### Exercise prompt
Print the whole listing, keeping every line exactly as given.

### Task data
+++
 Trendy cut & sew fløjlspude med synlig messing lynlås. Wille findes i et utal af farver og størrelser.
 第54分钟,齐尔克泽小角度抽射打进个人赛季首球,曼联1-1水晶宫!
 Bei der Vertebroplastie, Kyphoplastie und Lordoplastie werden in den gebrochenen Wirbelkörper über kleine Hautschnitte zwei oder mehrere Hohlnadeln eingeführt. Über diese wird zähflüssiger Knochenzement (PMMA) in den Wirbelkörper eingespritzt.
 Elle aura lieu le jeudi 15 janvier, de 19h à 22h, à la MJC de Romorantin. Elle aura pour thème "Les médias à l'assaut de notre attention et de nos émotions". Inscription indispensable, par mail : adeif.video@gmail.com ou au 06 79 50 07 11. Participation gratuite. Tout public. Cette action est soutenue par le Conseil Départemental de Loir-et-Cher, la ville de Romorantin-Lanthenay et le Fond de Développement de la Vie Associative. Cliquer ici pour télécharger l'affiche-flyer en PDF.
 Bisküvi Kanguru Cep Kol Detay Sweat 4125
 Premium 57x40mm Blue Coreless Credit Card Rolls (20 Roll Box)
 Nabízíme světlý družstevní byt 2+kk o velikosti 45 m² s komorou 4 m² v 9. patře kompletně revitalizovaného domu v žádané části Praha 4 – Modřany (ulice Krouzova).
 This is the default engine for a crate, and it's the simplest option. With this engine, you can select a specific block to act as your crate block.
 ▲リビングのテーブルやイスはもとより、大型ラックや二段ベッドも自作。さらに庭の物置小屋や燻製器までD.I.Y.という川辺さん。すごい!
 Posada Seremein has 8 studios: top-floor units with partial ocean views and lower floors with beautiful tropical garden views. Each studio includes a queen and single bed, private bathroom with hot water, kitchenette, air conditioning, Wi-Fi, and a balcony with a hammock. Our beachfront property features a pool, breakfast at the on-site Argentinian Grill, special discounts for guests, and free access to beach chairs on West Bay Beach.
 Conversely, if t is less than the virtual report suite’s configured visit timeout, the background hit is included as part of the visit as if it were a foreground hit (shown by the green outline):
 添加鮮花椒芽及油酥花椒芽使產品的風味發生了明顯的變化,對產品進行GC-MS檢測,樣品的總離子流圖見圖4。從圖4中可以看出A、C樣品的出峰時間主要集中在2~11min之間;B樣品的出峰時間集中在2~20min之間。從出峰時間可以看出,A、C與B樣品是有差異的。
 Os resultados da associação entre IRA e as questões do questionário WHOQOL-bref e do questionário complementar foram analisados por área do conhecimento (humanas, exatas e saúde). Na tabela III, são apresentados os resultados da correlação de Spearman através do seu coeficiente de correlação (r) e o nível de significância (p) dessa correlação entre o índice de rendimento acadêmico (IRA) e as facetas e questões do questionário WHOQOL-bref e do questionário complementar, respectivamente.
+++
### Your solution
 Trendy cut & sew fløjlspude med synlig messing lynlås. Wille findes i et utal af farver og størrelser.
 第54分钟,齐尔克泽小角度抽射打进个人赛季首球,曼联1-1水晶宫!
 Bei der Vertebroplastie, Kyphoplastie und Lordoplastie werden in den gebrochenen Wirbelkörper über kleine Hautschnitte zwei oder mehrere Hohlnadeln eingeführt. Über diese wird zähflüssiger Knochenzement (PMMA) in den Wirbelkörper eingespritzt.
 Elle aura lieu le jeudi 15 janvier, de 19h à 22h, à la MJC de Romorantin. Elle aura pour thème "Les médias à l'assaut de notre attention et de nos émotions". Inscription indispensable, par mail : adeif.video@gmail.com ou au 06 79 50 07 11. Participation gratuite. Tout public. Cette action est soutenue par le Conseil Départemental de Loir-et-Cher, la ville de Romorantin-Lanthenay et le Fond de Développement de la Vie Associative. Cliquer ici pour télécharger l'affiche-flyer en PDF.
 Bisküvi Kanguru Cep Kol Detay Sweat 4125
 Premium 57x40mm Blue Coreless Credit Card Rolls (20 Roll Box)
 Nabízíme světlý družstevní byt 2+kk o velikosti 45 m² s komorou 4 m² v 9. patře kompletně revitalizovaného domu v žádané části Praha 4 – Modřany (ulice Krouzova).
 This is the default engine for a crate, and it's the simplest option. With this engine, you can select a specific block to act as your crate block.
 ▲リビングのテーブルやイスはもとより、大型ラックや二段ベッドも自作。さらに庭の物置小屋や燻製器までD.I.Y.という川辺さん。すごい!
 Posada Seremein has 8 studios: top-floor units with partial ocean views and lower floors with beautiful tropical garden views. Each studio includes a queen and single bed, private bathroom with hot water, kitchenette, air conditioning, Wi-Fi, and a balcony with a hammock. Our beachfront property features a pool, breakfast at the on-site Argentinian Grill, special discounts for guests, and free access to beach chairs on West Bay Beach.
 Conversely, if t is less than the virtual report suite’s configured visit timeout, the background hit is included as part of the visit as if it were a foreground hit (shown by the green outline):
 添加鮮花椒芽及油酥花椒芽使產品的風味發生了明顯的變化,對產品進行GC-MS檢測,樣品的總離子流圖見圖4。從圖4中可以看出A、C樣品的出峰時間主要集中在2~11min之間;B樣品的出峰時間集中在2~20min之間。從出峰時間可以看出,A、C與B樣品是有差異的。
 Os resultados da associação entre IRA e as questões do questionário WHOQOL-bref e do questionário complementar foram analisados por área do conhecimento (humanas, exatas e saúde). Na tabela III, são apresentados os resultados da correlação de Spearman através do seu coeficiente de correlação (r) e o nível de significância (p) dessa correlação entre o índice de rendimento acadêmico (IRA) e as facetas e questões do questionário WHOQOL-bref e do questionário complementar, respectivamente.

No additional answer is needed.